**WORK INSTRUCTION:**
The entries are given below. Output each one unchanged.

**RECORDS FOR THE TASK:**
%%

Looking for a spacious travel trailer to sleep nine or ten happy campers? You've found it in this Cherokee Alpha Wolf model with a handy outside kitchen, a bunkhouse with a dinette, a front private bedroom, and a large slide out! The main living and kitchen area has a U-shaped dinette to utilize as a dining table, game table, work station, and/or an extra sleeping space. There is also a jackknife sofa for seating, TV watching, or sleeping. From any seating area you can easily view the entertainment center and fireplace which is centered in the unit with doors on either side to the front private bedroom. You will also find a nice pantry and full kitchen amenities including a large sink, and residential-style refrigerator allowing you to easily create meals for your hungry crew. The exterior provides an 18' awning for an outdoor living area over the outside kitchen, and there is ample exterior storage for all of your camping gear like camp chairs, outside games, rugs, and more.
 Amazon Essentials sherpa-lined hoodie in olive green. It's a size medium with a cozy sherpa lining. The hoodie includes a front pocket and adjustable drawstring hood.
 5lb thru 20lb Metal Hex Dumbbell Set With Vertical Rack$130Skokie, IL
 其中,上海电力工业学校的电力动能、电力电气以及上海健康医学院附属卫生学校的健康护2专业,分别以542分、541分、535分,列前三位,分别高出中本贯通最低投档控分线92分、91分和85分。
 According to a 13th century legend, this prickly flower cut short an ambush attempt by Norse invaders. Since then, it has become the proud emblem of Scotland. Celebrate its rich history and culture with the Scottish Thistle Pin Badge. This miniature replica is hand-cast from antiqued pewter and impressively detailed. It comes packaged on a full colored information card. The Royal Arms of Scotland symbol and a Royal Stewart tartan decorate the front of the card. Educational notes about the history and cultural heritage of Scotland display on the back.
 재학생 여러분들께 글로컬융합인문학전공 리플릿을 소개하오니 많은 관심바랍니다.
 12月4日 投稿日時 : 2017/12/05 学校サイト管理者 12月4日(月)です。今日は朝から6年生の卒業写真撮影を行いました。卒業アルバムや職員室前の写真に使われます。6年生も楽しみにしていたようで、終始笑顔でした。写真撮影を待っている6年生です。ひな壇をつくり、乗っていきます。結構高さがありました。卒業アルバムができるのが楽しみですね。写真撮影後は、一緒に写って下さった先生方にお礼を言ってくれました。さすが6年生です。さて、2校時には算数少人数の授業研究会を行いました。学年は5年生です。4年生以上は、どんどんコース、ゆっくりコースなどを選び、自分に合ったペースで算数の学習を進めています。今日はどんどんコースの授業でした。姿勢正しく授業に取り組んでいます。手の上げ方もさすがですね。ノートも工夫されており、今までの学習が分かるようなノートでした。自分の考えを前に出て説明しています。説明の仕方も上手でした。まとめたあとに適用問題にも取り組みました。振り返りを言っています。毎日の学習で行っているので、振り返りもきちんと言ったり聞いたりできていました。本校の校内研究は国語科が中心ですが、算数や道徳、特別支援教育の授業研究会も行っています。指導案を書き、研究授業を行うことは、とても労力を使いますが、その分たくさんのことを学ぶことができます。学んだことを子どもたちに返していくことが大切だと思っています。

%%

**EXERCISE ANSWER:**
Looking for a spacious travel trailer to sleep nine or ten happy campers? You've found it in this Cherokee Alpha Wolf model with a handy outside kitchen, a bunkhouse with a dinette, a front private bedroom, and a large slide out! The main living and kitchen area has a U-shaped dinette to utilize as a dining table, game table, work station, and/or an extra sleeping space. There is also a jackknife sofa for seating, TV watching, or sleeping. From any seating area you can easily view the entertainment center and fireplace which is centered in the unit with doors on either side to the front private bedroom. You will also find a nice pantry and full kitchen amenities including a large sink, and residential-style refrigerator allowing you to easily create meals for your hungry crew. The exterior provides an 18' awning for an outdoor living area over the outside kitchen, and there is ample exterior storage for all of your camping gear like camp chairs, outside games, rugs, and more.
 Amazon Essentials sherpa-lined hoodie in olive green. It's a size medium with a cozy sherpa lining. The hoodie includes a front pocket and adjustable drawstring hood.
 5lb thru 20lb Metal Hex Dumbbell Set With Vertical Rack$130Skokie, IL
 其中,上海电力工业学校的电力动能、电力电气以及上海健康医学院附属卫生学校的健康护2专业,分别以542分、541分、535分,列前三位,分别高出中本贯通最低投档控分线92分、91分和85分。
 According to a 13th century legend, this prickly flower cut short an ambush attempt by Norse invaders. Since then, it has become the proud emblem of Scotland. Celebrate its rich history and culture with the Scottish Thistle Pin Badge. This miniature replica is hand-cast from antiqued pewter and impressively detailed. It comes packaged on a full colored information card. The Royal Arms of Scotland symbol and a Royal Stewart tartan decorate the front of the card. Educational notes about the history and cultural heritage of Scotland display on the back.
 재학생 여러분들께 글로컬융합인문학전공 리플릿을 소개하오니 많은 관심바랍니다.
 12月4日 投稿日時 : 2017/12/05 学校サイト管理者 12月4日(月)です。今日は朝から6年生の卒業写真撮影を行いました。卒業アルバムや職員室前の写真に使われます。6年生も楽しみにしていたようで、終始笑顔でした。写真撮影を待っている6年生です。ひな壇をつくり、乗っていきます。結構高さがありました。卒業アルバムができるのが楽しみですね。写真撮影後は、一緒に写って下さった先生方にお礼を言ってくれました。さすが6年生です。さて、2校時には算数少人数の授業研究会を行いました。学年は5年生です。4年生以上は、どんどんコース、ゆっくりコースなどを選び、自分に合ったペースで算数の学習を進めています。今日はどんどんコースの授業でした。姿勢正しく授業に取り組んでいます。手の上げ方もさすがですね。ノートも工夫されており、今までの学習が分かるようなノートでした。自分の考えを前に出て説明しています。説明の仕方も上手でした。まとめたあとに適用問題にも取り組みました。振り返りを言っています。毎日の学習で行っているので、振り返りもきちんと言ったり聞いたりできていました。本校の校内研究は国語科が中心ですが、算数や道徳、特別支援教育の授業研究会も行っています。指導案を書き、研究授業を行うことは、とても労力を使いますが、その分たくさんのことを学ぶことができます。学んだことを子どもたちに返していくことが大切だと思っています。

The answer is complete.